**Dataset entries:**
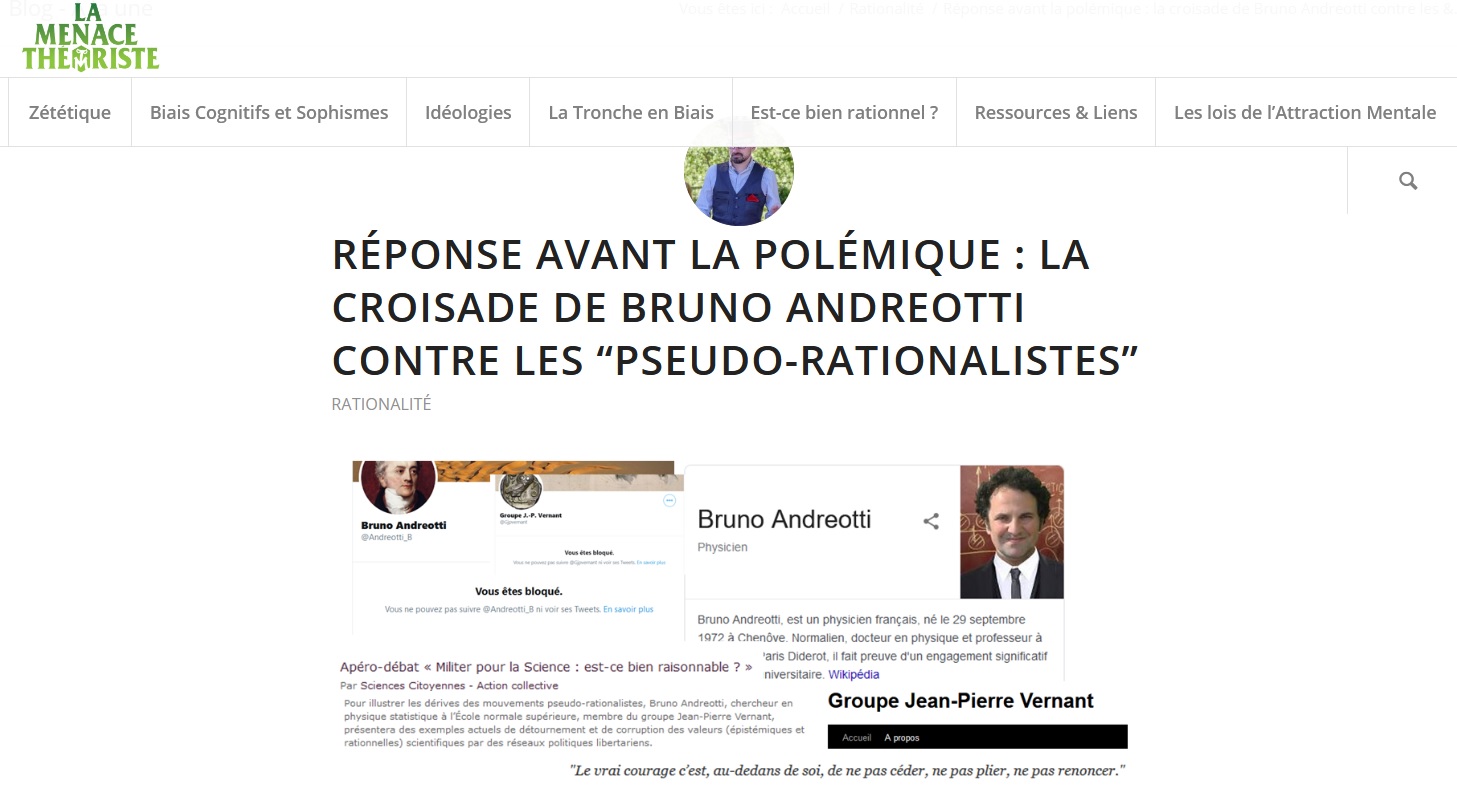 n'a pas dépassé le cercle des spécialistes de la philosophie et de l'histoire des sciences –il a été rendu public le 26 août sur le portail Cairn, après publication de cet article. Intitulé "Contre l'imposture et le pseudo-rationalisme", Andreotti s'en prend avec virulence à ce qu'il désigne comme "un milieu (...) pseudo-rationaliste, mêlant des 'sceptiques', des zététiciens, des vulgarisateurs, des militants 'libertariens', des cadres, des ingénieurs et de jeunes chercheurs", parfois en désaccord entre eux, mais se soutenant mutuellement, notamment sur Twitter, où leur empreinte est importante (la zététique étant "un scepticisme méthodologique appliqué à l’information"
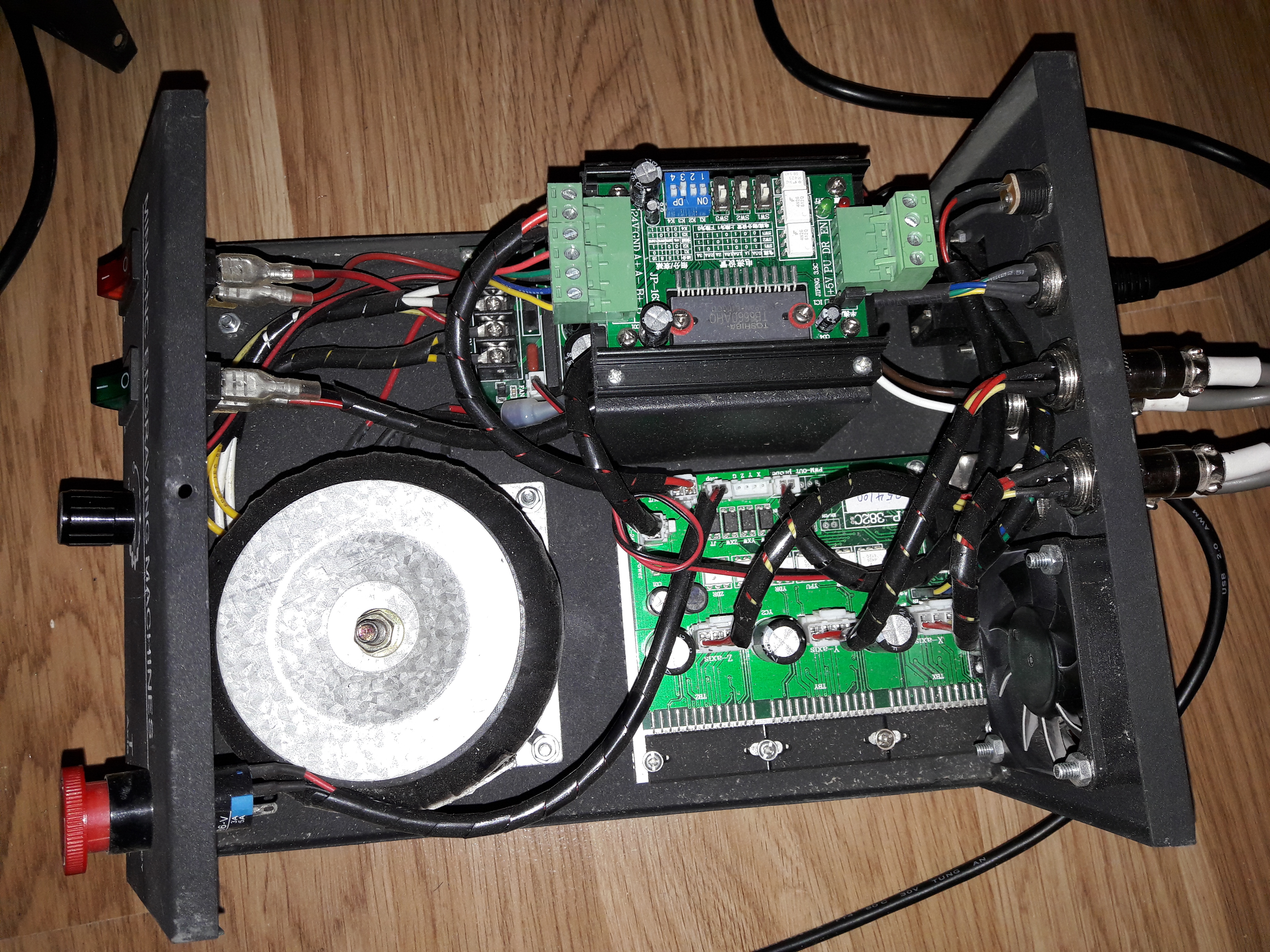 Там еще есть один не подписанный внешний разъем на 4 пина, но он судя по всему для 4 оси, совпадает со штекером от привода 4 оси и провода идут на отдельный 1 осевой контролер.
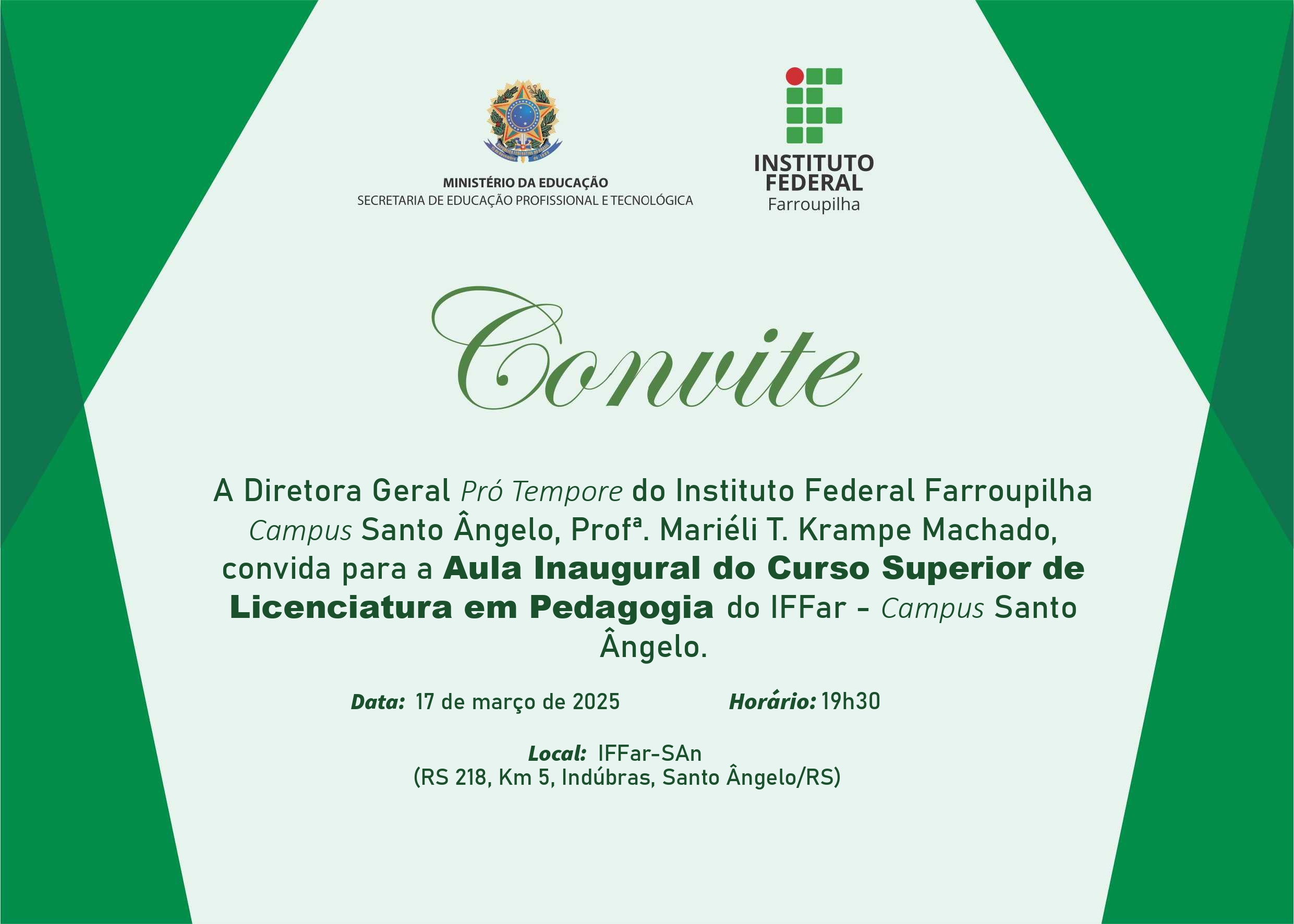 A Diretora Geral Pró Tempore do Instituto Federal Farroupilha Campus Santo Ângelo, Profª. Mariéli T. Krampe Machado, convida para a Aula Inaugural do Curso Superior de Licenciatura em Pedagogia do IFFar - Campus Santo Ângelo.
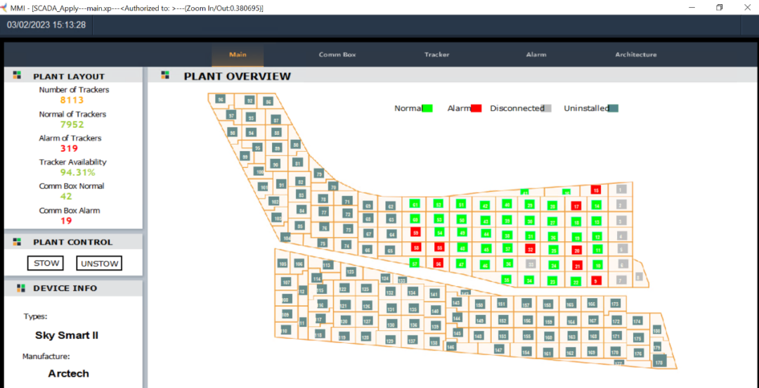 First of all, Tracker SCADA collects the information of the PV support bracket in real time. After conducting the overall processing for the real-time information, Tracker SCADA can accurately adjust the PV support bracket, and automatically optimize the inclination and direction of the PV panel according to the position of the Sun and weather conditions, so as to capture the solar energy as much as possible, or under a bad weather condition such as wind, sand, rain, snow, hail, etc., it can provide precision guidance to reduce or even avoid the damage to PV panels caused by natural disasters. Through these, Tracker SCADA can improve the power generation efficiency and prolong the PV panel’s service life.
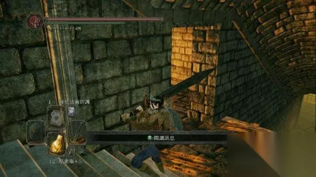 dlc1:该层楼梯往下有两个龙血骑士,别下去,这附近墙壁有个隐藏篝火
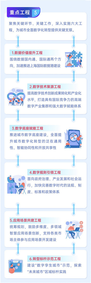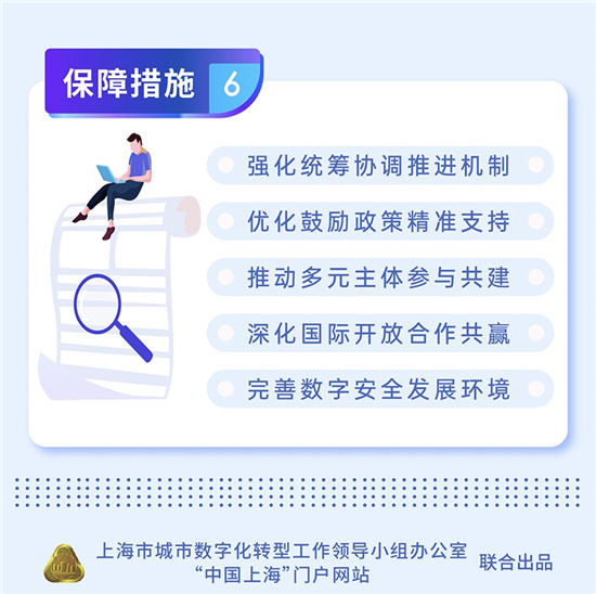 四是完善保障體系,構建數字化轉型新生態。完善數字時代的法規、制度、標準和政策體系,研究推進《上海市數據條例》《上海市城市數字化轉型促進條例》綜合性立法和若干專項立法。加強經濟數字化轉型的制度供給,優化市場準入制度,探索新型監管機制。完善生活數字化轉型的規則規范,加強數字信用體系建設,建立數字社會權益保護機制。同時,強化統籌協調推進機制,優化鼓勵政策精準扶持,推動多元主體參與共建,深化國際開放合作共贏,完善數字安全發展環境,為城市數字化轉型提供全方位保障。
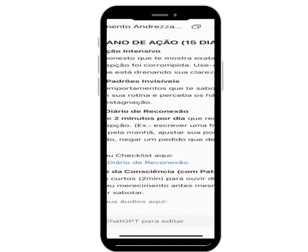 Você recebe seu plano de ação com uma lista de tarefas práticas, prazos exatos: em áudios e mensagens. É seguro. É rápido. É sob medida. E começa a funcionar no exato dia em que você acessar.

**WHAT YOU NEED TO DO:**
For this exercise, reproduce exactly the lines of the records above from the one with "Там еще есть" up to and including the one with "A Diretora Geral", without pictures.

**RESULT FOR THIS TASK:**
 Там еще есть один не подписанный внешний разъем на 4 пина, но он судя по всему для 4 оси, совпадает со штекером от привода 4 оси и провода идут на отдельный 1 осевой контролер.
 A Diretora Geral Pró Tempore do Instituto Federal Farroupilha Campus Santo Ângelo, Profª. Mariéli T. Krampe Machado, convida para a Aula Inaugural do Curso Superior de Licenciatura em Pedagogia do IFFar - Campus Santo Ângelo.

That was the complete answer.